Минут через двадцать наш самолет занял 10100 метров, еще несколько минут, уже в «горизонте», мы продолжаем разгоняться на номинальном режиме, а затем режим работы двигателей «прибираем» до крейсерского. На «улице» на такой высоте, несмотря на разгар лета, довольно прохладно, - минус 50 градусов. Истинная скорость достигла 840 километров в час. Штурман по СПУ предлагает нам еще немного «прибрать» режим работы, так как путевая скорость у нас возросла до 960 километров в час. Нас подгоняет попутный «ветерок» со скоростью 120 километров в час.
Уменьшаем режим работы еще на 2%, а то с такой путевой скоростью слишком быстро прилетим в Свердловск. Все равно из Свердловска, раньше чем по расписанию, нас никто не выпустит. Спешить нам не куда, и мы действуем по «принципу» товарища Саахова из кинокомедии «Кавказская пленница» : - «...э-э-э нет, торопиться не надо!»
Второй пилот подготавливает и включает продольный канал автопилота и нажимает на пульте автопилота еще и кнопку «КВ» (корректор высоты) Горят зеленые табло «АП боковой», «АП продольный» и «КВ». Теперь самолет летит сам, экипаж только контролирует работу автопилота. Автопилот четко и надежно выдерживает заданные параметры полета. Только штурман иногда подворачивает самолет на нужный курс, и автопилот послушно с небольшим креном выполняет плавные координированные развороты.
Пора приступать к оформлению полетной документации. Второй пилот разложил на коленях загрузочные ведомости и задание на полет, я ему передал «корешок» требования на заправку, сообщил остаток топлива при приемке самолета и время наработки двигателей на земле. Он вносит эти данные в соответствующие разделы полетного задания, записывает количество взрослых пассажиров, детей, багажа, ручной клади, почты и груза, - в соответствии с загрузочными ведомостями. А я в бортжурнале подготавливаю запись в промежуточном аэропорту, - после посадки останется только вписать туда слово «Свердловск» (если вдруг не уйдем на запасной), остаток топлива цифрами и прописью и «замечаний нет» (если таковые не появятся).
Но, обычно экипажи никогда не пишут замечания в промежуточных аэропортах, только в случаях серьезных неисправностей, с которыми продолжать полет нельзя. Для тех, кто не знаком с авиацией близко, хочу сказать, что в руководстве по летной эксплуатации (РЛЭ) есть специальный перечень неисправностей, с которыми разрешено продолжать полет до базового аэропорта.

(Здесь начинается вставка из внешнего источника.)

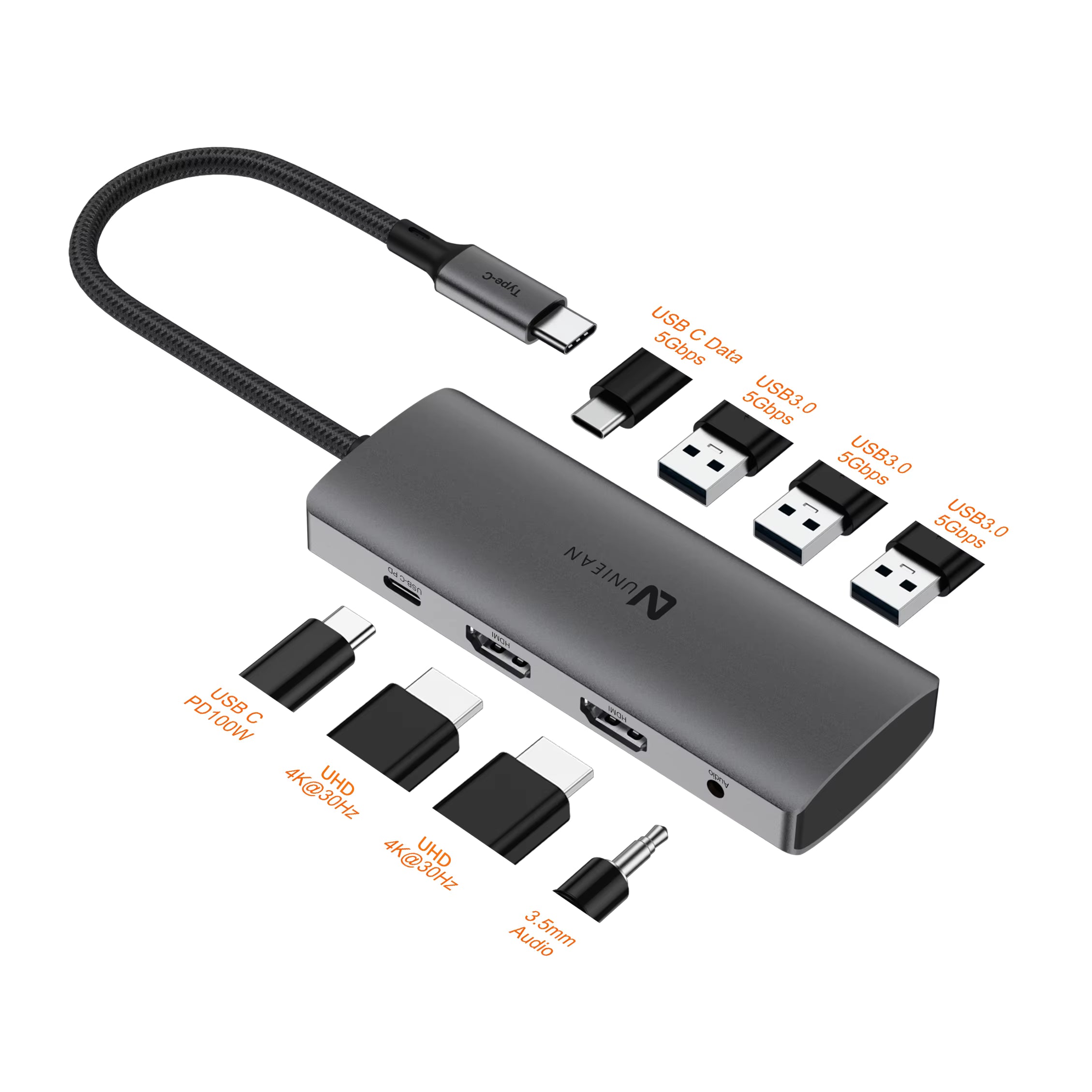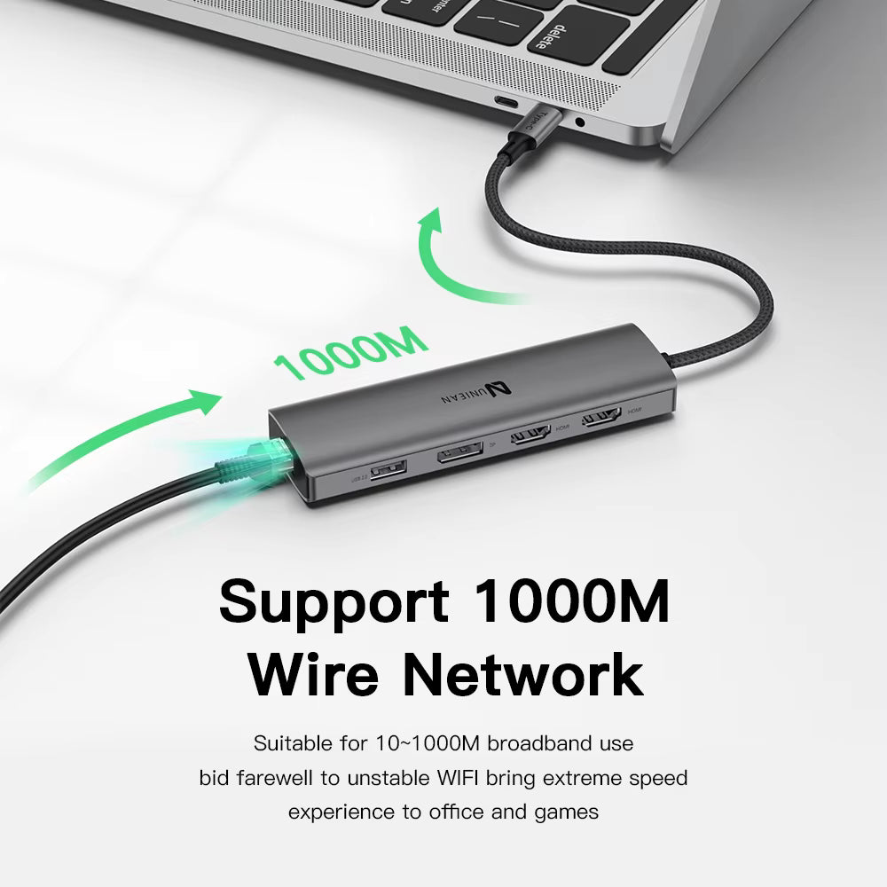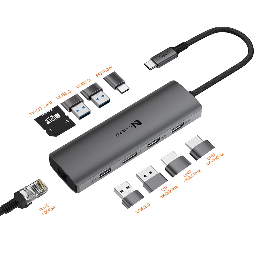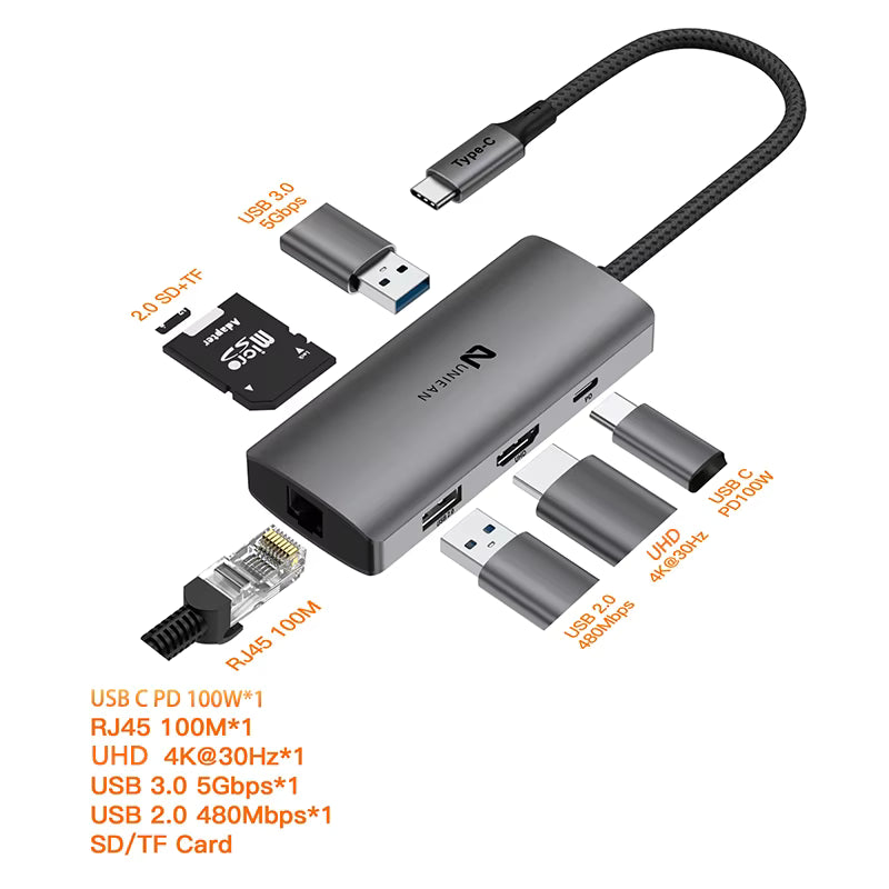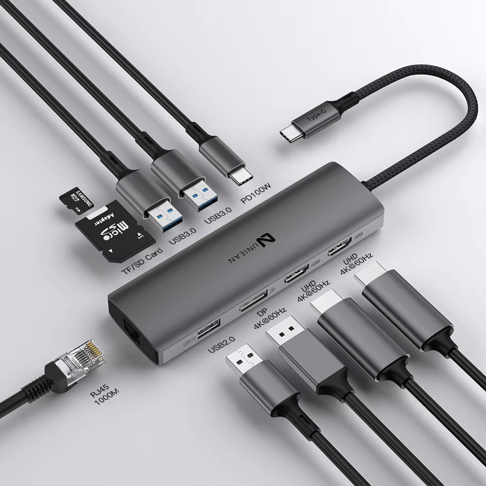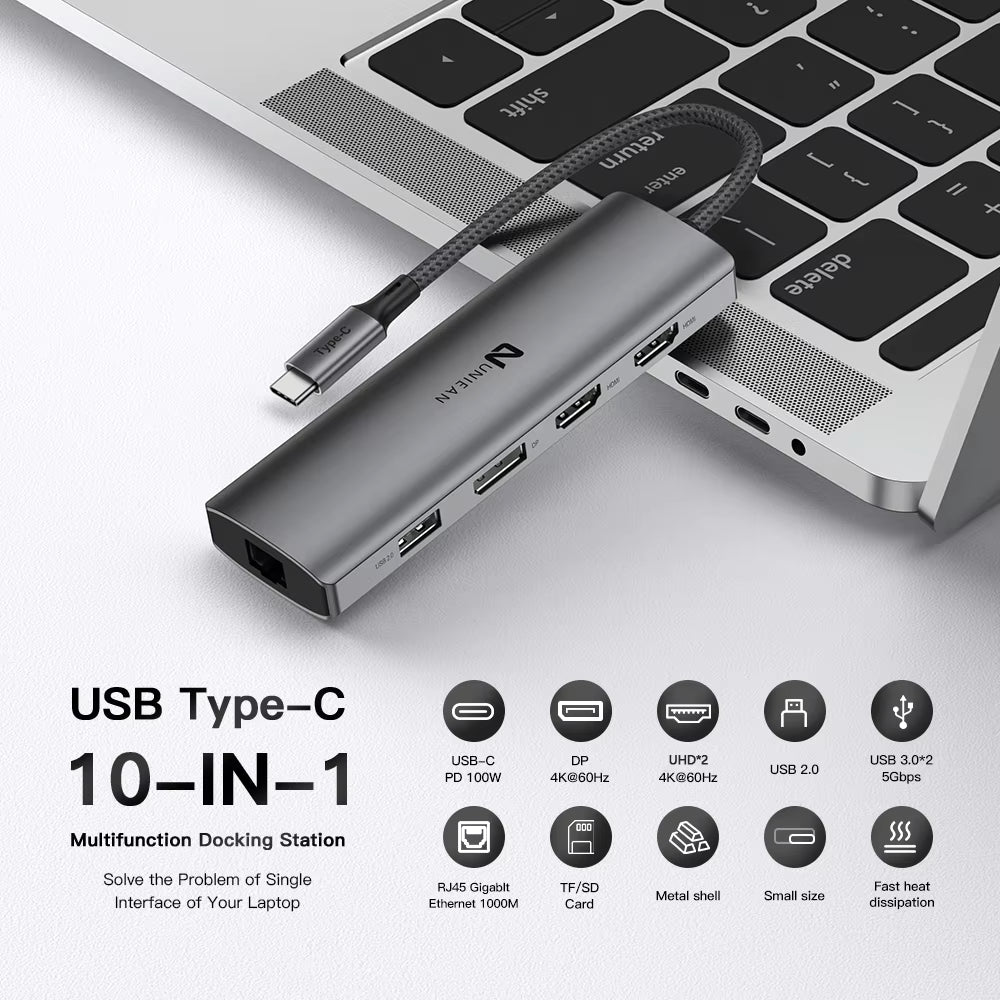 UNIEAN Wholesale Usb C Hub 3.0 10 in 1 Adapter Docking Station Type C Usb Hub 4 Ports 8 in 1 Usb C Hub for Macbook Pro

Заполнив бортжурнал, я беру «Справку учета наработки самолета и двигателей за рейс», которую мне выдают при приемке самолета на каждый рейс, и заношу туда все параметры работы двигателей на эшелоне. Там я указываю так же высоту полета, температуру наружного воздуха и время работы двигателей на земле, на взлетном и номинальном режимах. Кроме этого, параметры и наработку ВСУ. А после посадки в Свердловске, я еще допишу туда время в полете на этом участке. И так будет на каждом участке рейса. Эти записи используются для учета наработки и остатка межремонтного и общего ресурса самолета и двигателей, а так же для диагностики работы самолета и двигателей, - с целью выявления на ранних этапах возможных неисправностей или отказов...
По СПУ слышен приятный женский голос: - «Мальчики, можно нести питание?»
Мы тут же все отвечаем: - «Не можно, а нужно!»... Я открываю дверь, одна из наших девушек подает мне четыре полотенца, - я их раздаю ребятам. Командир «выходит из нирваны», и убирает очки и свою брошюру, тоже готовясь к ужину. Мы постелили эти полотенца на колени, а тут уже нам в кабину наша «кормилица» подает подносы. На них бортовое питание для экипажа. Хочу заметить, что разнообразием «меню» в цехе бортового питания в аэропорту Воронежа в те годы, нас не баловали.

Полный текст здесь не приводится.